The film gets off to a rather sluggish start. Its attempt to establish the characters just does not work (Josh Hartnett, Eric Bana, Ewan McGregor, Tom Sizemore, Sam Shepard are among the cast). We get some rather trite comments from a few soldiers about whether they think the US's place in Somalia is appropriate or not, but very little that sets up the plot.
Once the battle starts (about 30 minutes into the film), it doesn't stop. It is a horrifying and intense 90 minutes depicting the very gruesome and tragic events. Fortunately, the characters become more interesting as we see how they act in the face of battle. Their choices and actions in the course of battle are what really build their characters, and by the end of the film you get a good sense of who these men are and why they choose to fight.
The film's theme is how the American soldiers persevered in this incident. It takes the view that the American soldiers fight in the name of brotherhood—they fight to stand by their fellow soldiers in arms (hence the film's tag line "Leave no man behind."), and reminds us that we must always go into battle prepared.

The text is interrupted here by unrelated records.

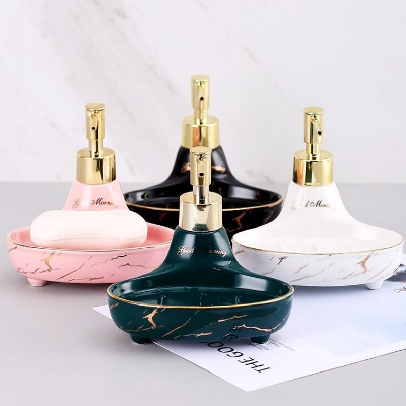 Få orden og stil med en Sæbedispenser med sæbeholder i marmorlook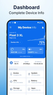 Access detailed information about your device's network connections, including WiFi and mobile data. My phone information app includes IP addresses, connection details, and operator information. This feature helps you stay informed about your network performance and connectivity.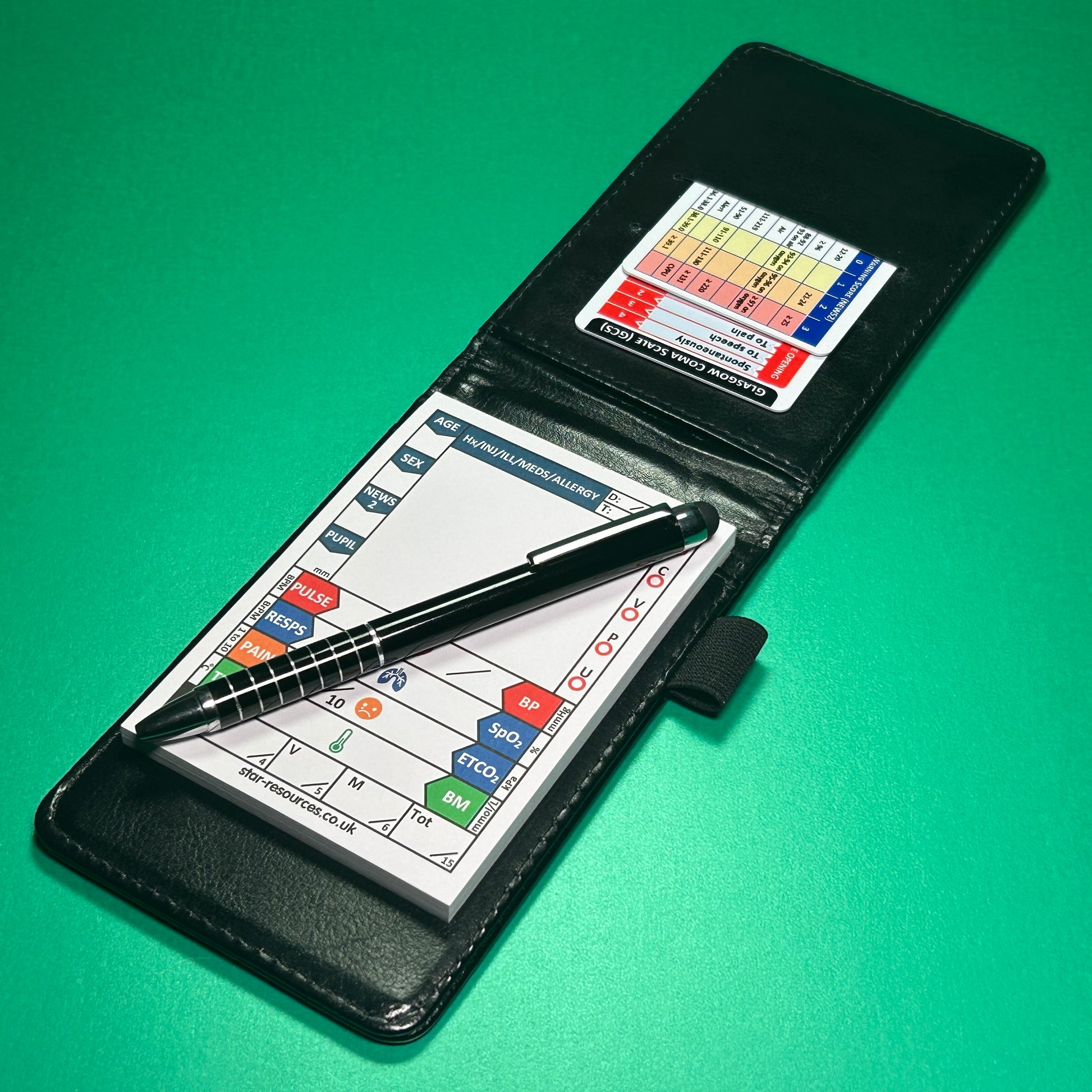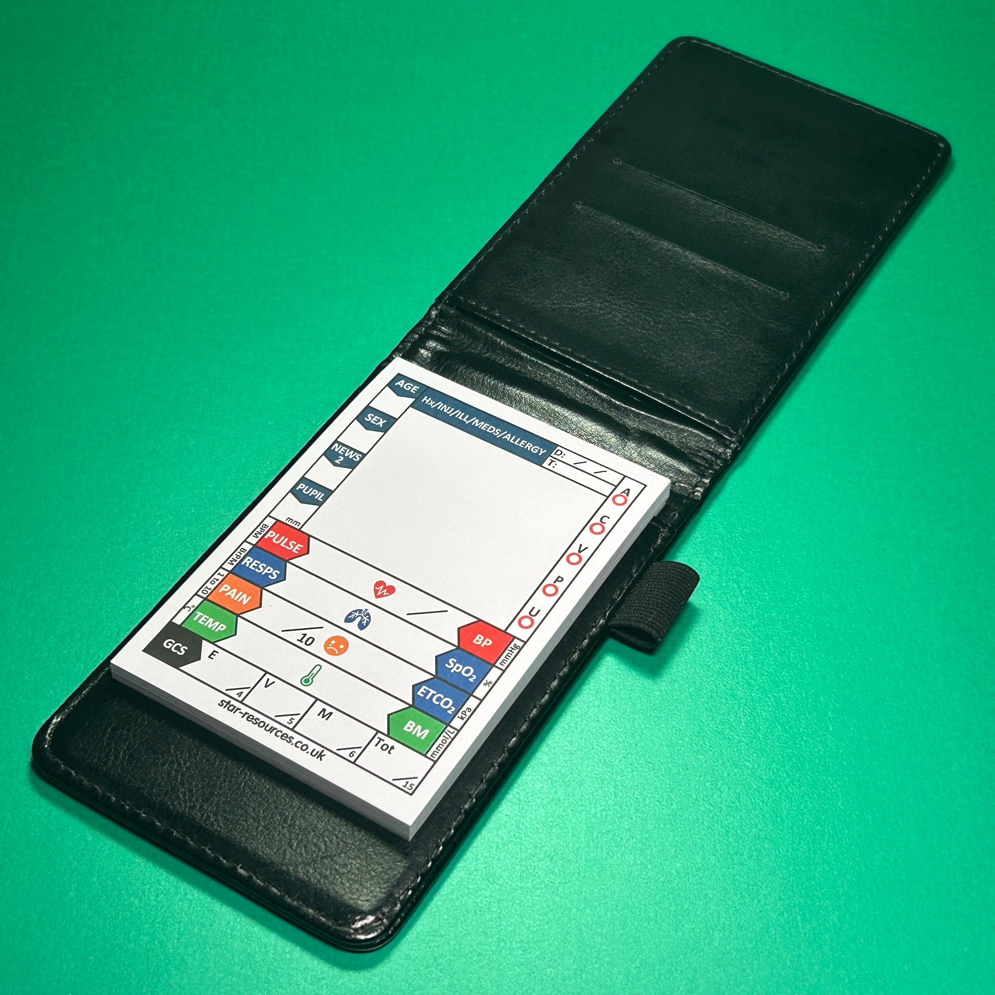 Inside the wallet, there's space for two optional credit card size cards. This is ideal for your choice of ID Badge cards which we also supply. For the first time buyer or new student, the two recommended cards would be GCS and NEWS2, but any of our range would fit snugly and be available at your fingertips.

Director Ridley Scott (Hannibal, Gladiator) manages to avoid being "preachy" about the politics involved in this incident by telling its story from the soldiers' perspective. Rather, the film demonstrates what happened and what it would have been like to be there as it happened. This honest representation is bound to upset the history-revisionists and the "politically correct police" who wish to propagate their own political agenda.
Be warned that many scenes in the film are quite graphic—but be careful not to dismiss the gruesome imagery as a mere demonstration that "war is too horrible to fight." I couldn't help but think that these are the very soldiers out there defending our freedom today in the war against terrorism, and that our enemies today are—in principle and philosophically—the same type of thugs we were up against in Somalia. Keep in mind who are freedom's destroyers and who are its defenders and channel your outrage to its just recipients.